Wednesday, April 18, 2012

Generational Shift, as seen by Seth Klarman

Much wisdom in this passage from last year by Seth Klarman, a money manager:
Most of us learned about the Great Depression from our parents or grandparents who developed a "Depression mentality," by which for decades people shunned leverage, embraced thrift, and thought twice before quitting their secure jobs to join risky ventures. By bailing out the economy rather than allowing the pain of the economic and market collapses to be felt, the government has endowed our generation with a "really-bad-couple-of-weeks-mentality": no lasting lessons are learned; the government endlessly intervenes in the economy, and, ironically, the first thing to strongly rebound from the 2008 collapse isn't jobs or economic activity but speculation.
This quote is from an annual letter of his that came out about a year ago. Klarman manages money in Boston, through Baupost Group, which he founded.
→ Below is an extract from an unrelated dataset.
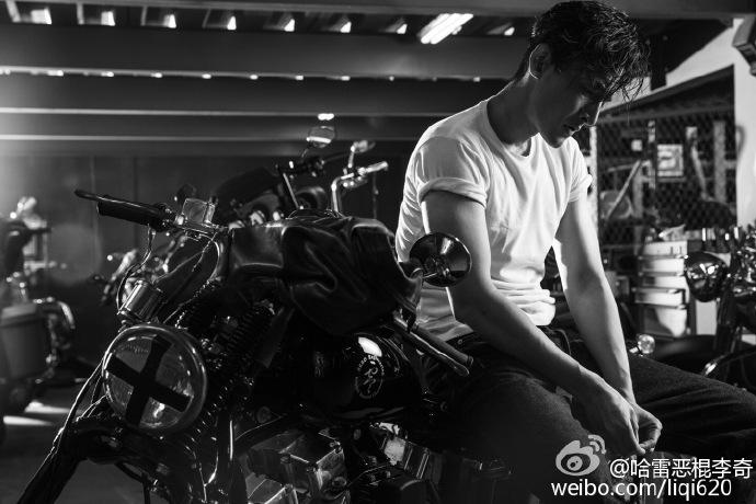 摄影师“哈雷恶棍李奇”(据说是他把胡歌带入阿美咔叽坑的)曾经给胡歌拍过一组黑白机车照片,白T恤、牛仔裤与工程师靴,无疑是在向上世纪50年代风靡的机车文化致敬。

During the crisis, facing the very real threat of the payment system collapsing, the federal government had little choice but to do big bailouts of one kind or another. That said, side effects have to follow when risk-taking gets subsidized so heavily. More could have been done to minimize them. For example, managers and directors of banks who needed TARP money should have been sent forcibly into retirement, to vindicate the principle that public funds are not supposed to be used to support under-capitalized private businesses. Politically, this is easier said than done, of course, but it should have happened.

And while we are on the topic of financial culture: a client of mine commented yesterday that her children are learning that putting money away in the bank earns you only pennies per year. That is not a good for the culture, either.

Wednesday, April 4, 2012

Inflation is a Risk, Even if Not Inevitable

Latest from Martin Feldstein, here. A well-balanced view of the possible outcomes that will flow from quantitative easing in the U.S.

Monday, April 2, 2012

Profit Margins and Wages (Email to a Friend)

A friend emailed last week, asking for updated figures on U.S. corporate profit margins and wages. This is an edited and modestly improved version of what I sent him:

With the caveat that I’m crunching numbers that other people who work regularly with these stats know more about than I do, my observation is that based on Dept. of Commerce data (NIPA table 1.14), corporate profits remain well above the long-term average, and employee comp is well below.

Specifically, in 2011, compared to the total gross value added by corporate businesses, total compensation to employees was 58.7%. This was well below the long-term average (1929 – 2011) of 64.2%.

The flip side of this is that corporate profits, as a percentage of gross value added, were 9.6% in 2011. This was well above the long-term (1929-2011) average of 7.1%.  (The profits are after interest payments and taxes, and include adjustments this series makes for inventory valuation and consumption of capital, i.e. depreciation.)

The cause of this higher profitability and lower comp to workers? Up for debate. Things I suspect are reduced bargaining power of workers (weaker unions, greater global competition); deficit governmental spending (spending must go down from here, or taxes up, or both); low interest rates; and less competition by businesses (weaker antitrust enforcement). These aren’t mutually exclusive. The last factor, less competition and weaker antitrust enforcement, might be hard to quantify. Also, are there governmental benefits that act as compensation to workers, but are not captured by these stats? I don’t know, but that’s a question it would be nice to have insight into.

Increasing financialization of the economy might also be a factor. You could think of that as a somewhat unproductive finance sector siphoning off profit, and I think that is true to a degree, or, less polemically and more accurately I think, the fact that more and more work is done by machines and the owners of those machines get paid something for their capital. However, labor's share dropped sharply over the past decade, and that is in part what makes me suspect that it may well head back up. Even in 2003, for example, the percentage was 64.5%, which was entirely in line with the multi-decade average, and well above the current 58.7% figure.